Groundbreaking OPTIMA Study Results Shared at ASCO: Personalising Early Breast Cancer Treatment to Avoid Unnecessary Chemotherapy
Important results from the OPTIMA study (“Optimal Personalised Treatment of early breast cancer using Multi-parameter Analysis”) were presented at ASCO this weekend by Dr. Robert C. Stein. This UCL-sponsored Phase III trial marks a significant milestone in moving towards more tailored, patient-centric oncological care.
The study demonstrated that many patients aged 40 and over with hormone-sensitive early breast cancer and a low Prosigna score (defined as ≤ 60) can safely avoid chemotherapy. By opting for hormone therapy alone, patients achieved excellent results without compromising their short-term outcomes.

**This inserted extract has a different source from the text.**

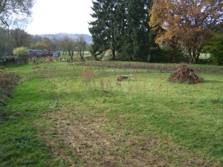 Den Kartoffelacker machten wir wieder platt . Unsere kleine Motorhacke glühte. Dann , Herbst 2010, gingen wir zu Viert in den Garten. Jeder mit einem Luftbild des Grundstückes und malten unsere Vorstellungen hinein. Anschließend verglichen wir und besprachen die gestalterischen Ideen und die naturgegebenen Möglichkeiten. Erstaunlicherweise gab es kaum größere Abweichungen und so begannen wir am nächsten Tag mit der Anlage einer etwa 20 x 25m großen Sonnenfalle umringt von einem "Wall" , gestaffelt mit Beerensträuchern, Beerenstämmen, Viertel-, Halb- und Hochstammobstbäumen. An der nördlichen Seite ein langes Hügelbeet, aus Astschnitt, Mulch und Komposterde. BILD 4 Folgt

Data from the trial showed that more than two-thirds of participants had a low Prosigna score, with remarkably similar outcomes across groups. Specifically, 94.8% of patients receiving chemotherapy plus hormone therapy were alive and free from recurrence at 5 years, compared with 93.6% of those treated with hormone therapy alone.
These findings strongly reinforce the clinical value of the Prosigna test and its ≤ 60 threshold to identify patients unlikely to benefit from chemotherapy. Sparing individuals from unnecessary toxicity significantly improves health trajectories, quality of life, and overall patient-reported outcomes.
Looking ahead, OPTIMA also highlights the urgent need for further research in premenopausal patients. To build a definitive, confident strategy for younger women, data from OPTIMA will be combined with global efforts including the OPTIMA premenopausal extension, Europe's OPTIMA-YOUNG trial, and the US-based OFSET trial.
Congratulations to the entire OPTIMA team on this monumental achievement. We are deeply grateful to continue this vital effort with you, alongside all the dedicated partners, investigators, and institutions associated with our international consortium. Let’s bring this innovation to all premenopausal patients.